- Tajlapur Location in Karnataka, India Tajlapur Tajlapur (India)
- Coordinates: 17°31′50″N 77°19′53″E﻿ / ﻿17.53043°N 77.3314899°E
- Country: India
- State: Karnataka
- District: Gulbarga
- Talukas: Chincholi

Government
- • Body: grampanchayat

Population (2011)
- • Total: 890

Languages
- • Official: Kannada
- Time zone: UTC+5:30 (IST)
- PIN: 585306.
- Vehicle registration: KA-32

= Tajlapur =

Tajlapur is a village in the southern state of Karnataka, India. It is located in Chincholi taluk of Kalburgi district. The nearest villages are Kanakpur and Chimmanchod

==Demographics==
As of 2011 India census Tajlapur had a population of 890 with 480 males and 410 females.

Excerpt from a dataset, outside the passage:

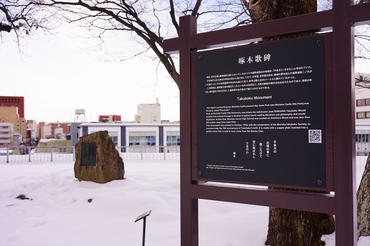 盛岡城、天守閣はありません。昔あった南部利祥中尉銅像も太平洋戦争の金属供出で無くなって、台座のみになっています。 あるのは石川啄木の歌碑くらいでした。盛岡、石川啄木と宮沢賢治推しなんですね。 歴史や文学にはあまり触れてこない人生だったので、へぇ~って感じでした。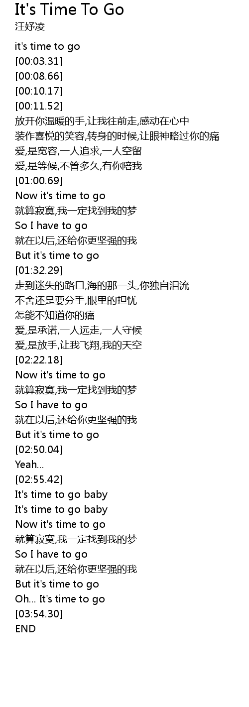 | [00:01.13] | it' s time to go |

==Education Institutions==
The school in Tajlapur is *Government higher primary school.

==Agriculture==
Major Crops produced in the Tajlapur are Pigeon pea, Sorghum, Pearl millet, chickpea, mung bean, vigna mungo.

==Transport==
KSRTC bus facility is available to travel within the Karnataka state and Nabour states, to travel within 15 to 20 km, share auto available. The nearest railway station is (45 km) tandur railway station TDU. The nearest airport is (157 km) Rajiv Gandhi International Airport.